There was a problem authenticating your request. This may be an issue with the Transcend API key ("authorization" header), or the Sombra API key ("x-sombra-authorization" header used for self-hosted gateways only).

413 (Request Entity Too Large)

application/json

The request body is too large. JSON and raw bodies must be less than 50MB. URL encoded bodies must be less than 30MB.

429 (Too Many Requests)

application/json

You are sending requests too quickly and have hit our rate limit.
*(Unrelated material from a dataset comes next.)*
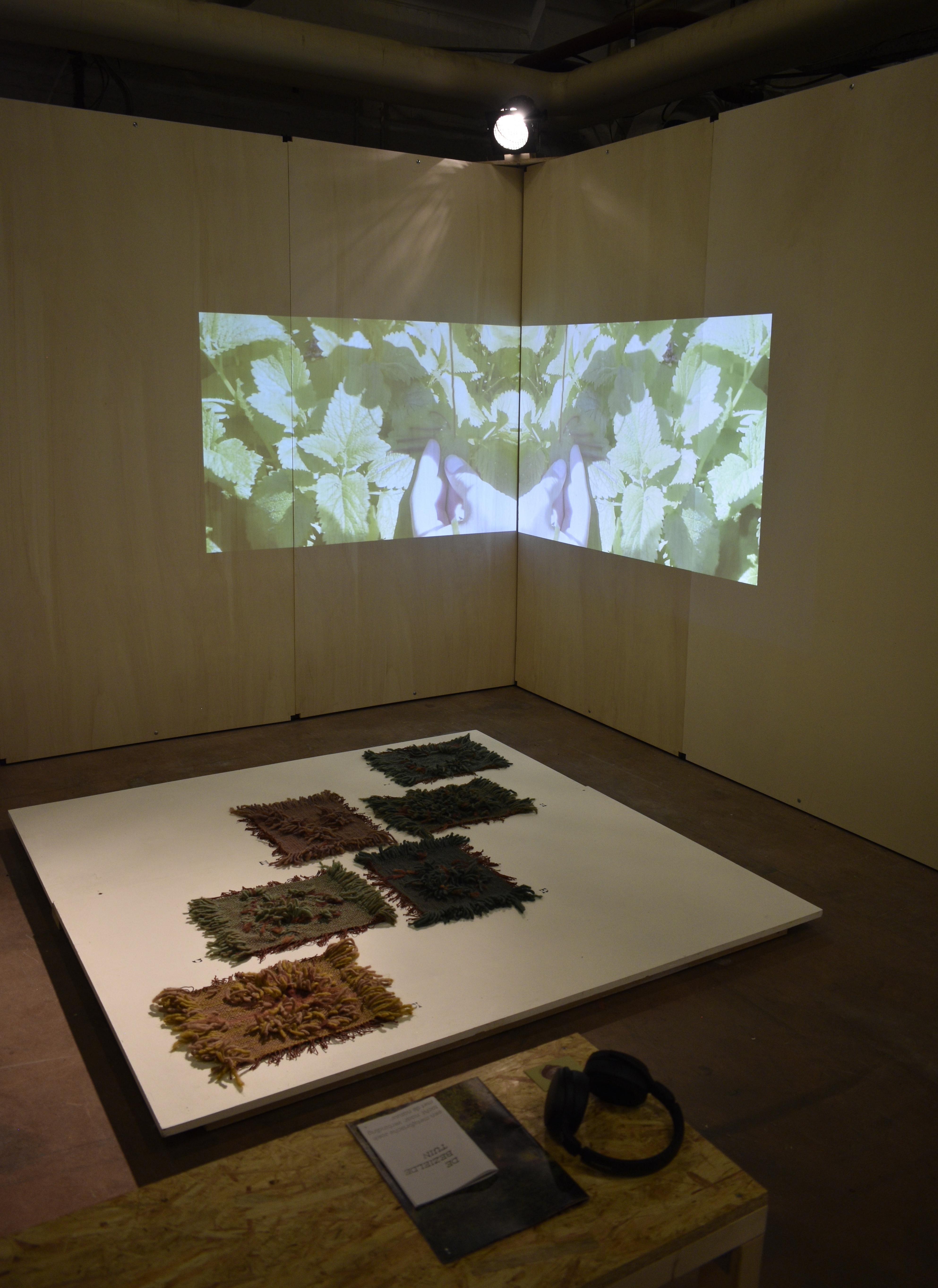 The installation Mythologies of weeds, and interruptions between the paving is a tribute to weeds. Six plants (nettle, horsetail, thistle, clover, bindweed and dandelion) that are often considered ‘undesirable’ are assigned to new myths to reintroduce the spirit of nature in the city. In the photo and video projection, new narratives emerge about our relationships to nature. The hand-woven fabrics honor the fickleness of the six plants. Fragile yet vigorous. Stinging yet soft. Contrasting yet merging.

If you hit this, you'll need to throttle your request velocity or try again later.

500 (Internal Server Error)

application/json

A 5xx error means there is either an issue with your self-hosted gateway, or a Transcend server is having issues. You check our system status at status.transcend.io. Please reach out to Transcend support if you're experiencing this error.

502 (Bad Gateway)

application/json

An upstream service on Transcend's side is having issues. You check our system status at status.transcend.io. Please reach out to Transcend support if you're experiencing this error.